---------- Source data ----------

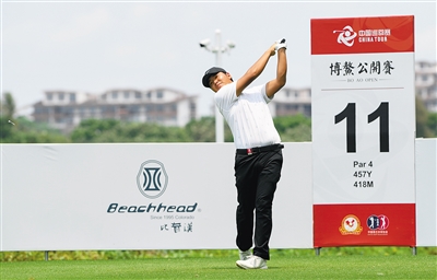 4月18日,2019中国男子高尔夫巡回赛博鳌公开赛在博鳌开赛。图为韩国选手李在元在首轮第11洞比赛中开球,首日比赛结束后,李在元以69杆低于标准杆3杆的成绩并列第6位。
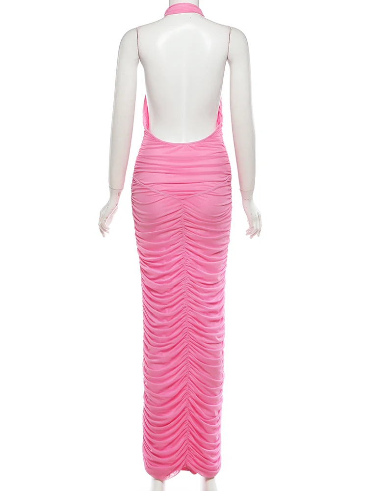 Cutenew Valentine's Day Dress Women Backless Halter Mesh Pleat Classic Peach Hip Sexy Stretch Skinny Elegant Dating Bodycon
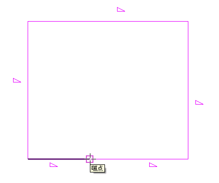フットプリントの線分のうち 1 本を 2 個所で分割して、中心線セグメント(ドーマ セグメント)を作成し、[修正]をクリックします。
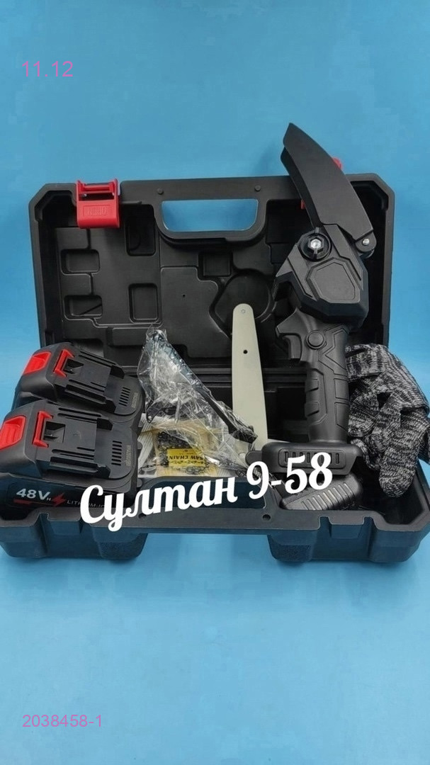 Цвет: цвет 1Портати..показатьвная электрическая цепная мини пила в кейсе (2 аккумулятора)  пила Мини пила ручная электрическая с широким спектром использования: садовая и бытовая – для подрезки и спила садовых деревьев, распила бревен, обрезки сучьев (сучкорез) в саду, на дачном участке, придомовой территории; в ремонтно-строительных работах и работы с деревом как ножовка, пила. Пила работает без привязки к источнику питания 220V (работает от литиевого аккумулятора) Аккумуляторная цепная пила весит до 1-го килограмма и из-за своих небольших габаритов ей очень удобно пользоваться. -Электропила имеет противоскользящую ручку, которая удобно лежит в руке. -Пила ручная является самой безопасной: имеет круглый дизайн, защитное инструментальное покрытие и режущий элемент из современных искусственных материалов. -Благодаря, подвижному защитному кожуху, защищает от разлетающихся щепок и опилок. -Предотвращает случайный запуск пилы, благодаря установленной защите. В комплект входит: пила, 2 АКБ, кейс, зарядка, перчатки, очкивная электрическая цепная мини пила в кейсе (2 аккумулятора)  пила Мини пила ручная электрическая с широким спектром использования: садовая и бытовая – для подрезки и спила садовых деревьев, распила бревен, обрезки сучьев (сучкорез) в саду, на дачном участке, придомовой территории; в ремонтно-строительных работах и работы с деревом как ножовка, пила. Пила работает без привязки к источнику питания 220V (работает от литиевого аккумулятора) Аккумуляторная цепная пила весит до 1-го килограмма и из-за своих небольших габаритов ей очень удобно пользоваться. -Электропила имеет противоскользящую ручку, которая удобно лежит в руке. -Пила ручная является самой безопасной: имеет круглый дизайн, защитное инструментальное покрытие и режущий элемент из современных искусственных материалов. -Благодаря, подвижному защитному кожуху, защищает от разлетающихся щепок и опилок. -Предотвращает случайный запуск пилы, благодаря установленной защите. В комплект входит: пила, 2 АКБ, кейс, зарядка, перчатки, очки
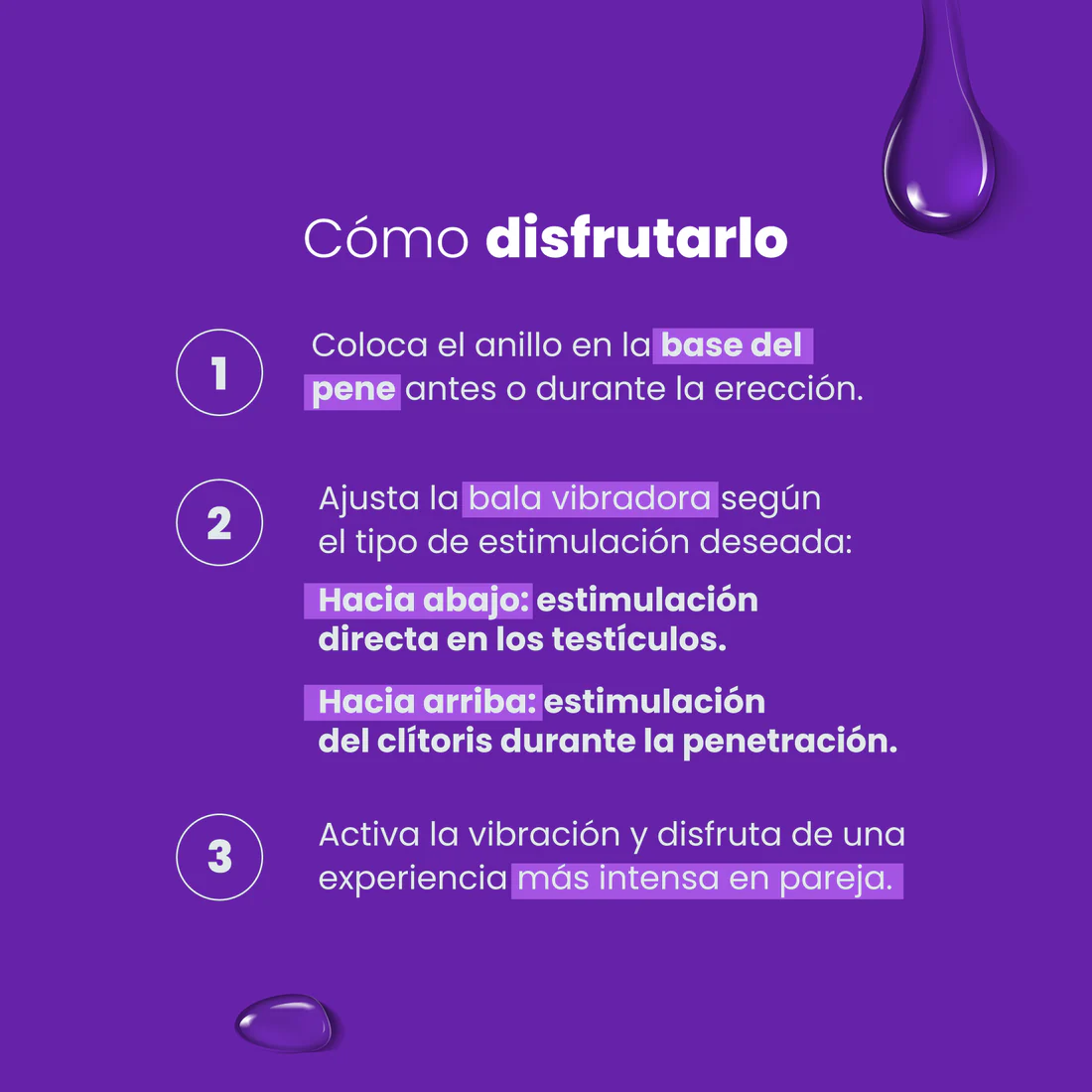 Anillo vibrador que le dará máximo placer a tí a tu pareja. Ponlo en la base del pene, sentirás una delicada presión que mantendrá tu erección durante más tiempo y tendrás más control en el momento de eyacular.
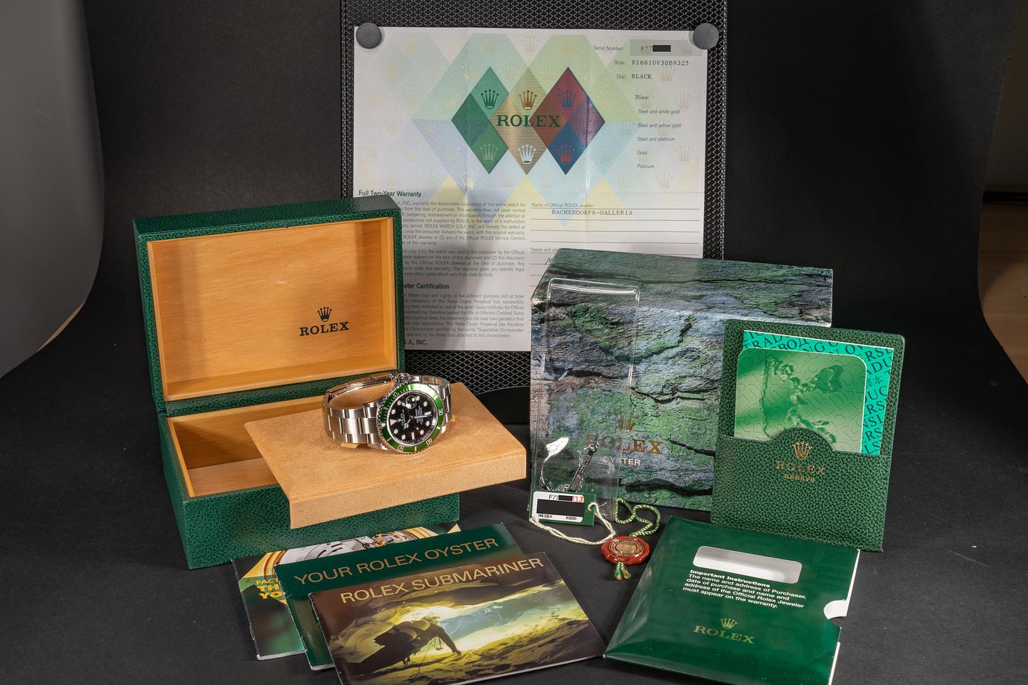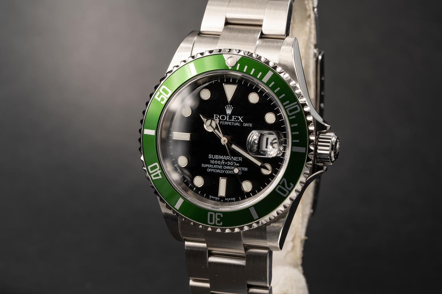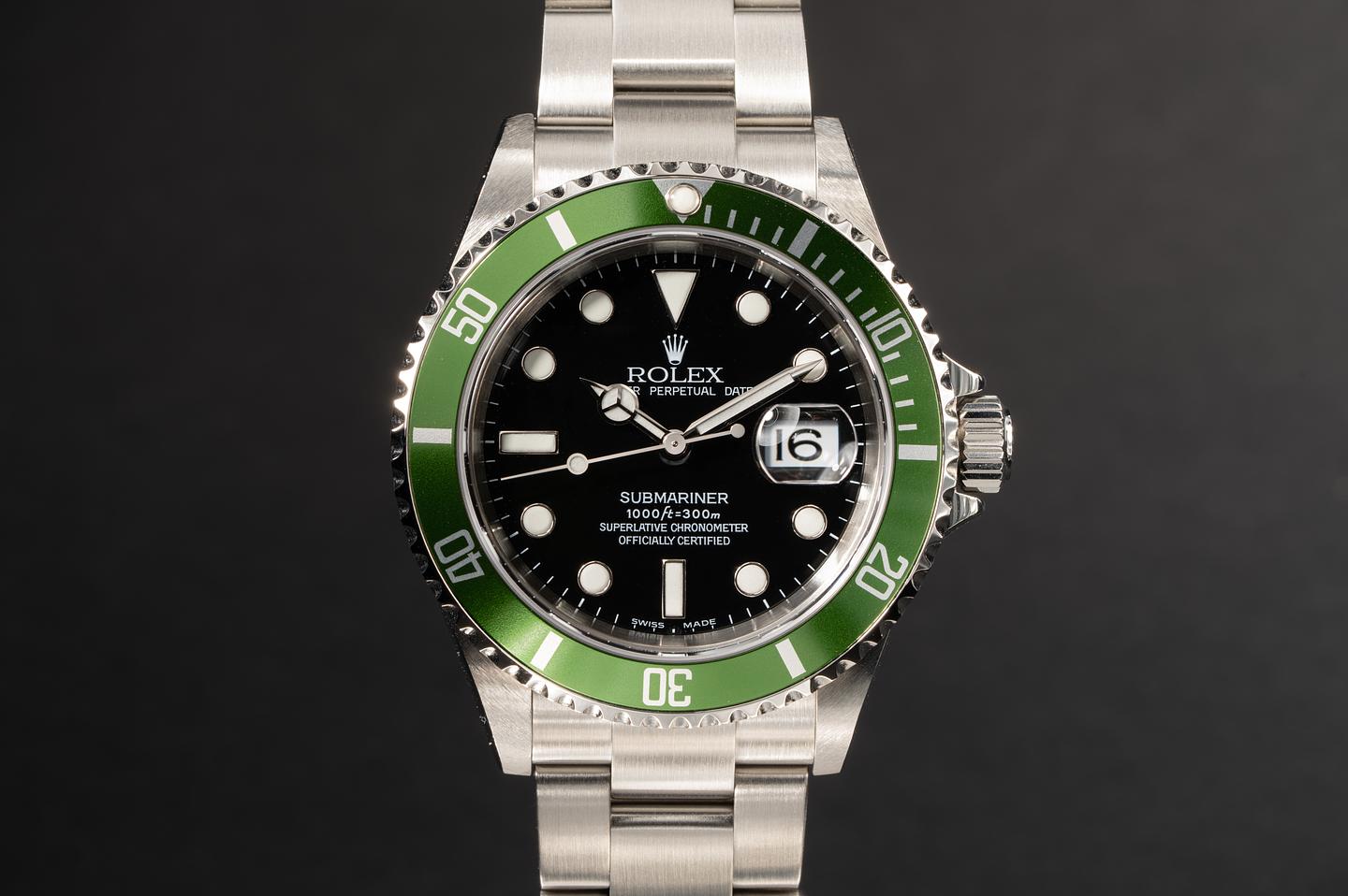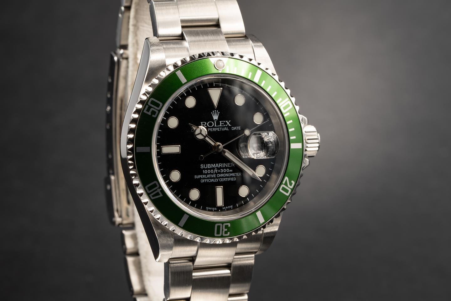 Case: The excellent case with sharp bevels that shows virtually no wear. The green flat 4 bezel insert has begun to lightly shift towards a lime green hue and the insert shows very little if any wear.

----------

Description of the task
Each line from the one that holds "Anillo vibrador que" through the final line of the data must be retyped exactly; the pictures must not appear.

Exercise response
 Anillo vibrador que le dará máximo placer a tí a tu pareja. Ponlo en la base del pene, sentirás una delicada presión que mantendrá tu erección durante más tiempo y tendrás más control en el momento de eyacular.
 Case: The excellent case with sharp bevels that shows virtually no wear. The green flat 4 bezel insert has begun to lightly shift towards a lime green hue and the insert shows very little if any wear.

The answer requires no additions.